When wires are broken or cut, use butt splices and crimp tool to reconnect them. A butt splice is a short straight tube with insolation on the outside and a small metal tube inside. Strip a short section of the broken wire and slip it into the butt splice and crimp it. Strip the other end of the broken wire and slip it into the other end of the butt splice and crimp it. Pull the connection to make sure both crimps are good. You can get but splices at Walmart or any auto parts store. I saw some today when I was getting my oil changed. (I quit doing my own oil when I found out it was about the same price to get it done)

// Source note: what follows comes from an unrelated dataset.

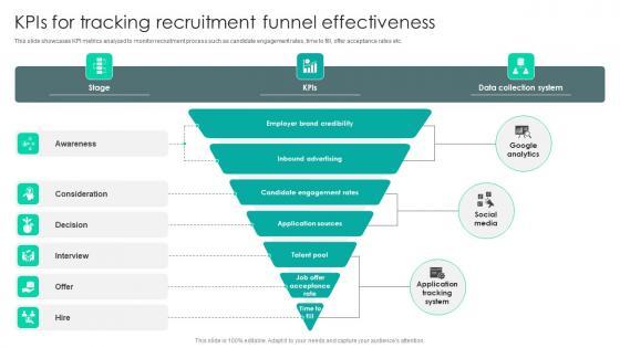 This slide showcases KPI metrics analyzed to monitor recruitment process such as candidate engagement rates, time to fill, offer acceptance rates etc. Slidegeeks has constructed Transforming Recruitment Process Kpis For Tracking Recruitment Funnel Effectiveness CRP DK SS after conducting extensive research and examination. These presentation templates are constantly being generated and modified based on user preferences and critiques from editors. Here, you will find the most attractive templates for a range of purposes while taking into account ratings and remarks from users regarding the content. This is an excellent jumping-off point to explore our content and will give new users an insight into our top-notch PowerPoint Templates.
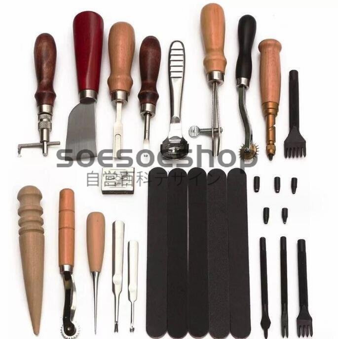 - 大人気なんと18点セット!! レザークラフト ツール キット 工具 DIY 初心者 手縫い ハンドメイド 革 皮 道具 プレゼント

On using black tape (which unravels when it gets hot), tape bare wires with overlapping winds of the tape, being sure to cover the start point such that it can't come loose. At the end of the tapeing area, leave about 6 to 8 inches of tape past the wrap. Press the sticky sides of this extension together leaving the length such that the unsticky part of the tape is on both sides of the results. (an unsticky extension that can be tied like a thread, or cord) Put two half hitches on the end of the taping. (a wrap around the work with the end slipped through the loop and pull tight. Do this twice). At the end of the last half hitch, tie a knot into the remaining part as near as possible to the last half hitch and cut any excess off. This will give you a taped area that will not come loose when it heats up. You'd be surprised how many folks don't know this trick, but now you do.......or maybe you already knew. 

The short is between hot wires, which makes it a much easier problem to find. Ground problems are normally the hard ones to find. 

Hope this helps.
Best regards,
Mack1


----------



## zumi (Jul 18, 2008)

Hi there. Thank you all for your help. I will try to re-check everything and will try to trace the wires as described above. Sorry for late reply. I was away up north. In case I find the problem, I will let the forum know. rgds.


----------



## mack1 (Nov 27, 2007)

Hi Zumi,

If you can't find the short, post the electric prints and mabe some of us can help and be more specific. 

Wishing you the best,
Mack1


----------